The new machine, called Andromeda, has 13.5 million cores capable of speeds over an exaflop, or one quintillion operations per second, at 16-bit half precision. Due to the unique chip at its core, Andromeda isn’t easily compared to supercomputers running on more traditional CPUs and GPUs, but Feldman told HPC Wire Andromeda is roughly equivalent to Argonne National Laboratory’s Polaris supercomputer, which ranks 17th fastest in the world, according to the latest Top500 list.
In addition to performance, Andromeda’s speedy build time, cost, and footprint are notable. Argonne began installing Polaris in the summer of 2021, and the supercomputer went live about a year later. It takes up 40 racks, the filing-cabinet-like enclosures housing supercomputer components. By comparison, Andromeda cost $35 million – a modest price for a machine of its power – took just three days to assemble, and uses a mere 16 racks.
Cerebras tested the system by training five versions of OpenAI’s large language model GPT-3 as well as Eleuther AI’s open source GPT-J and GPT-NeoX. And according to Cerebras, perhaps the most important finding is that Andromeda demonstrated what they call “near-perfect linear scaling” of AI workloads for large language models. In short, that means as additional CS-2s are added, training times decrease proportionately.

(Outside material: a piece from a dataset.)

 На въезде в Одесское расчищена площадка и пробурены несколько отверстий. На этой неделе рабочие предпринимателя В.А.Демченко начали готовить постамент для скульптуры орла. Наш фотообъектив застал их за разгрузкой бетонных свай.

Typically, the company said, as you add more chips, performance gains diminish. Cerebras’s WSE chip, on the other hand, may prove to scale more efficiently because its 850,000 cores are connected to each other on the same piece of silicon. What’s more, each core has a memory module right next door. Taken together, the chip slashes the amount of time spent shuttling data between cores and memory.
“Linear scaling means when you go from one to two systems, it takes half as long for your work to be completed. That is a very unusual property in computing,” Feldman told HPC Wire. And, he said, it can scale beyond 16 connected systems.

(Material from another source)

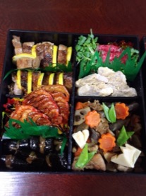 「鶏の照り焼き」、「牛たたきのカイワレ巻き」、「豚の味噌漬け」、「えびの鬼がら焼き」、「昆布巻き」、「筑前煮」です~(^-^)

Beyond Cerebras’s own testing, the linear scaling results were also demonstrated during work at Argonne National Laboratory where researchers used Andromeda to train the GPT-3-XL large language algorithm on long sequences of the Covid-19 genome.
Of course, though the system may scale beyond 16 CS-2s, to what degree linear scaling persists remains to be seen. Also, we don’t yet know how Cerebras performs head-to-head against other AI chips. AI chipmakers like Nvidia and Intel have begun participating in regular third-party benchmarking by the likes of MLperf. Cerebras has yet to take part.
Still, the approach does appear to be carving out its own niche in the world of supercomputing, and continued scaling in large language AI is a prime use case. Indeed, Feldman told Wired last year that the company was already talking to engineers at OpenAI, a leader in large language models, and coincidentally OpenAI founder, Sam Altman, is also an investor in Cerebras.
On its release in 2020, OpenAI’s large language model GPT-3, changed the game both in terms of performance and size. Weighing in at 175 billion parameters, it was the biggest AI model at the time and surprised researchers with its abilities. Since then, language models have reached into the trillions of parameters, and larger models may be forthcoming. There are rumors – just that, so far – that OpenAI will release GPT-4 in the not-too-distant future and it will be another leap from GPT-3.
That said, despite their capabilities, large language models are neither perfect nor universally adored. Their flaws include output that can be false, biased, and offensive. Meta’s Galactica, trained on scientific texts, is a recent example. Despite a dataset one might assume is less prone to toxicity than training on the open internet, the model was easily provoked into generating harmful and inaccurate text and pulled down in just three days. Whether researchers can solve language AI’s shortcomings remains uncertain.
But it seems likely that scaling up will continue until diminishing returns kick in. The next leap could be just around the corner, and we may already have the hardware to make it happen.